The IL2RB gene, located on human chromosome 22, encodes the Interleukin-2 receptor subunit beta protein. This protein is a key component of the high-affinity receptors for both Interleukin-2 (IL-2) and Interleukin-15 (IL-15). Structurally, it is a single-pass type I membrane protein with an extracellular domain, a transmembrane region, and an intracellular domain containing motifs essential for signaling, primarily through the JAK/STAT pathway ^[1]. Its expression is significant in hematopoietic tissues and is upregulated upon T-cell activation, playing a critical role in the proliferation and differentiation of lymphocytes. The function of the IL-2Rβ chain is to transmit signals from IL-2 or IL-15 binding into the cell, driving immune responses. Consequently, the protein is prominently expressed on immune cells such as T-lymphocytes and Natural Killer (NK) cells, with expression also observed on activated B-lymphocytes ^[2]. Mutations or dysregulation of the IL2RB gene are associated with severe immunodeficiencies (though less commonly than mutations in its partner subunit IL2RG) and are implicated in the pathogenesis of certain leukemias and lymphomas, often due to constitutive activation of its downstream signaling pathways ^[3].

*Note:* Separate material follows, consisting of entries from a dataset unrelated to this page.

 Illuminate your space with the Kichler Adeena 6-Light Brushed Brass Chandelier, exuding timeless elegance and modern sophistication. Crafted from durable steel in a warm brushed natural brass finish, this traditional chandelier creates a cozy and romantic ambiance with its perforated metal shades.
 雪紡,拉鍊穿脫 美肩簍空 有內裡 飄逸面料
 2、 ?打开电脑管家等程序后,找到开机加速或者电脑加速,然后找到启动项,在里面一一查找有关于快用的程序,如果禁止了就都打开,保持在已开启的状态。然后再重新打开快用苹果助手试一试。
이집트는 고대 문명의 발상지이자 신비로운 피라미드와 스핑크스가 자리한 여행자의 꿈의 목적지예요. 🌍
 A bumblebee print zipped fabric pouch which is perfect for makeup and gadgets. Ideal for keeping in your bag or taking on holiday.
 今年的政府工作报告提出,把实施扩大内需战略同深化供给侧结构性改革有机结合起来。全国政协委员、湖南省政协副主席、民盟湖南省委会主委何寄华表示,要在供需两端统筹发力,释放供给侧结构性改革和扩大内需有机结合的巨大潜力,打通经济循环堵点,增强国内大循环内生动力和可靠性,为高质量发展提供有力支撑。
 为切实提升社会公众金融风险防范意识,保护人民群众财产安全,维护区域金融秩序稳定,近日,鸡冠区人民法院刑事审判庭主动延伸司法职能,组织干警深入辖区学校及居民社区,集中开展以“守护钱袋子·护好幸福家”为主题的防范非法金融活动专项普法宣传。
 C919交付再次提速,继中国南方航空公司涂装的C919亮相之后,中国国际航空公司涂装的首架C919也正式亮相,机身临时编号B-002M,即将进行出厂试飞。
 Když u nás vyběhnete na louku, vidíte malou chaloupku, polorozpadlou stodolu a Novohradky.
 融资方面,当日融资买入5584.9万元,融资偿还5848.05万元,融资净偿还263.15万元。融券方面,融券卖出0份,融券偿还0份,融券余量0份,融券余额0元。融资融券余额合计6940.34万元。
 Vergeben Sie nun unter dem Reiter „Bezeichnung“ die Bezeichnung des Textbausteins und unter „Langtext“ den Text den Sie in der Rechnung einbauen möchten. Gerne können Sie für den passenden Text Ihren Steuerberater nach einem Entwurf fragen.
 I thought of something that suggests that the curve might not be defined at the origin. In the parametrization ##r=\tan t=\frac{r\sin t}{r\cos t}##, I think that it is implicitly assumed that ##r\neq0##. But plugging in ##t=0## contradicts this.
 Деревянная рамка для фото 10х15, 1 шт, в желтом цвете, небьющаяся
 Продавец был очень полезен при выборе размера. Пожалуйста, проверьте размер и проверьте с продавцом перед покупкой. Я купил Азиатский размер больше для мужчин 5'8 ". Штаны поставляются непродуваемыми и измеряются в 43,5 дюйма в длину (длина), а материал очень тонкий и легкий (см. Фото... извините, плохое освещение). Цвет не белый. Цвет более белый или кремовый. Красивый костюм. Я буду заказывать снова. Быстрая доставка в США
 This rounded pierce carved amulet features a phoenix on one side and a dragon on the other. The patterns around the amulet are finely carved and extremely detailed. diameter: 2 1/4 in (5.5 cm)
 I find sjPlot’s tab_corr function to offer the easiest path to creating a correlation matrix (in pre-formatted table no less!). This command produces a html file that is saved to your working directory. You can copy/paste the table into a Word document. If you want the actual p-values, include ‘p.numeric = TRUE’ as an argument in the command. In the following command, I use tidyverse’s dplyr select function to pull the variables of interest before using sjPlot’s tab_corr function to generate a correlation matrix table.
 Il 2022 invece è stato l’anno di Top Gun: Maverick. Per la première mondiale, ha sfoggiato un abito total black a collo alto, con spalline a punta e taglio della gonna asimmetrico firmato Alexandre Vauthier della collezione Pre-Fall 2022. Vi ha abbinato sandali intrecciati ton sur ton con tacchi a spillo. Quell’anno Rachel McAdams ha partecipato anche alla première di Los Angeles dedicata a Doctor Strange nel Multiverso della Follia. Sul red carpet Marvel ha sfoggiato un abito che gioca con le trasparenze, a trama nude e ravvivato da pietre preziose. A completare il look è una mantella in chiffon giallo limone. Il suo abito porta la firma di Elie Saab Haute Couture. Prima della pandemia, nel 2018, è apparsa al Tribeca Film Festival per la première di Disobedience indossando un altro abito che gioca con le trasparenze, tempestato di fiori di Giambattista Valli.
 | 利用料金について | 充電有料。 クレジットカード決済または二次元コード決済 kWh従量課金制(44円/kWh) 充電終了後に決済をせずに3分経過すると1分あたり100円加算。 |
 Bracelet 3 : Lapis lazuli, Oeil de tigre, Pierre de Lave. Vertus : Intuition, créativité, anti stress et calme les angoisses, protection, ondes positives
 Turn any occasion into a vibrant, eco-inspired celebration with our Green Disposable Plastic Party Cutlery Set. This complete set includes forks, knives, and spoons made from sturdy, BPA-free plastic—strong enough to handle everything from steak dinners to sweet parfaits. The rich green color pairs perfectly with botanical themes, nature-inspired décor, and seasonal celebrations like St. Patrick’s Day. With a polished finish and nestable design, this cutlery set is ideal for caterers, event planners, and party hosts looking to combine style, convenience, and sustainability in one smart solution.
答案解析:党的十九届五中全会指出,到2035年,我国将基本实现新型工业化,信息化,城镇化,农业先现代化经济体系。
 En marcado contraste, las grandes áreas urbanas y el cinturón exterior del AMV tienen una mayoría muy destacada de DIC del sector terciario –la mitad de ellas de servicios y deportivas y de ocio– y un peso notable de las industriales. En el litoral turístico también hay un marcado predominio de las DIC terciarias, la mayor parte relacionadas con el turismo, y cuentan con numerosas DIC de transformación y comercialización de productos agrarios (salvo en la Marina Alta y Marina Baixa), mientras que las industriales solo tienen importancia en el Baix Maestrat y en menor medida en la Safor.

B6-hIL2RB mouse is a humanized model generated using gene editing technology, in which the mouse Il2rb endogenous signal peptide and extracellular domain are replaced with the human IL2RB signal peptide and extracellular domain. This model can be used for studying the pathological mechanisms and therapeutic approaches of immunodeficiencies and certain leukemias and lymphomas, as well as for the development of IL2RB-targeted drugs.